Session: Warm Climates (Mid-Holocene, Last interglacial, Deep-time, Pliocene)
Author: Kyle Niezgoda / email@example.com / CEOAS, Oregon State University
Co-author: David Noone, CEOAS, Oregon State University;
Bronwen Konecky, CIRES, University of Colorado Boulder;
Despite successes in evaluating variability in precipitation patterns over the Holocene, significant uncertainties remain in interpretations of rain intensity, domain, and frequency from the diverse proxy records available. To reconcile point-wise proxies with spatially constrained circulation in the tropics, we used an AMIP-style run of the isotope-enabled Community Earth System Model (iCESM) to study the atmosphere and land components of the mid-Holocene (6.2 ka) hydrological cycle. We forced the simulation with SST and sea ice data from a fully-coupled simulation of the mid-Holocene using CCSM4, the predecessor to iCESM. All other forcings, including orbital parameters and greenhouse gas concentrations, were prescribed in accordance with PMIP4 specifications.

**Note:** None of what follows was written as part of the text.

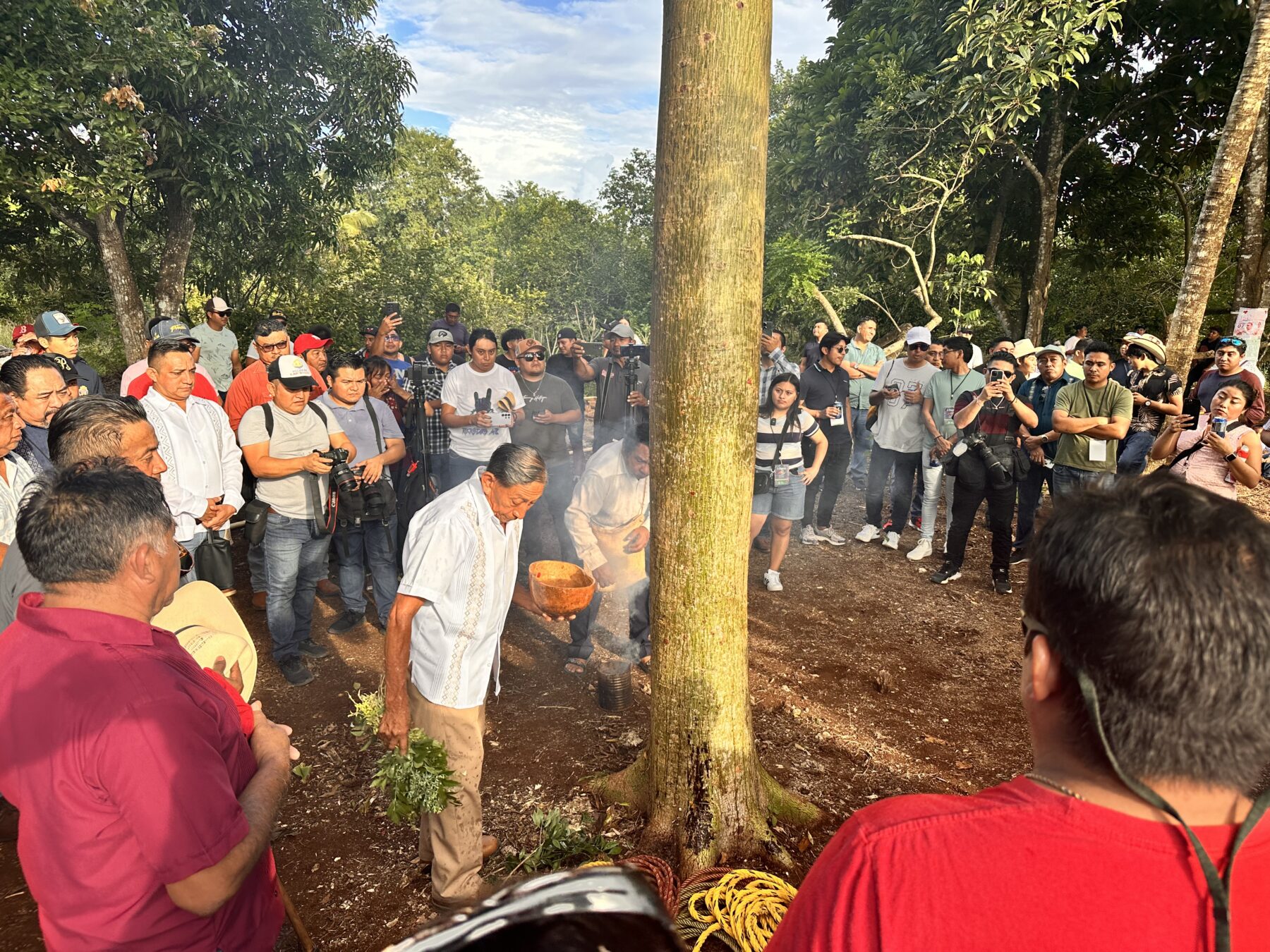 Con la bendición de un sacerdote maya, la presencia de los diputados de la Feria y las autoridades municipales, el pueblo acudió al corte del árbol de la ceiba, donde el primer hachazo lo dio el presidente municipal Josué Nivardo Mena Villanueva, para luego seguir las demás personas hasta el momento de cortarlo por completo.

Here, we present findings from the mid-Holocene simulation with respect to a control simulation of the pre-industrial period (PI). In agreement with previous studies, our simulation produced a wetter Sahara and Arabian Peninsula during the mid-Holocene. Using simulated water isotopes as a tracer of atmospheric transport processes, we found evidence that increased convergence of Atlantic evaporation was the primary source of increased moisture availability over the Sahara. In the maritime continent, precipitation stable isotope ratios were depleted relative to the PI, especially over land masses such as the Malaysian Peninsula, Sumatra, and Borneo. These depletions spatially correspond with lower troposphere water vapor isotope ratios more accurately than with precipitation rate. This provides evidence that moisture source was a more important factor for precipitation stable isotope ratios than, for instance, convection strength or precipitation amount. The results of this study allow for interpretations of proxy data in the context of the regional atmospheric hydrologic cycle rather than local first order variables such as precipitation amount and highlight the value of using direct simulation of isotope ratios when evaluating model performance.